→ Directions for this task: Below are some records. Print exactly the lines between the one holding "City Harvest hosts" and the one holding "in the soup", inclusive, and nothing else.

→ The data:
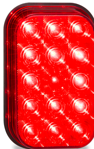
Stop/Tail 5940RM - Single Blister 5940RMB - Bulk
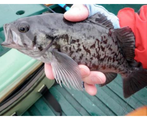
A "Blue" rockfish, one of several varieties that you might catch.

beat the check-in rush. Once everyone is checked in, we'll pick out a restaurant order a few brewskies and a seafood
==
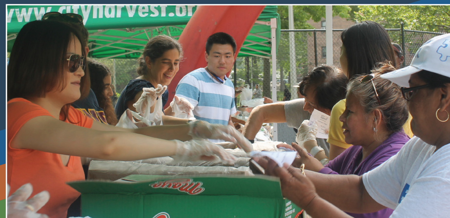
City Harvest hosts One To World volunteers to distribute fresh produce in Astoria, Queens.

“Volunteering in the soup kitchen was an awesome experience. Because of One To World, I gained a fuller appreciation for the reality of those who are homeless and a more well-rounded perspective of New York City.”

→ Solution to the problem:
City Harvest hosts One To World volunteers to distribute fresh produce in Astoria, Queens.

“Volunteering in the soup kitchen was an awesome experience. Because of One To World, I gained a fuller appreciation for the reality of those who are homeless and a more well-rounded perspective of New York City.”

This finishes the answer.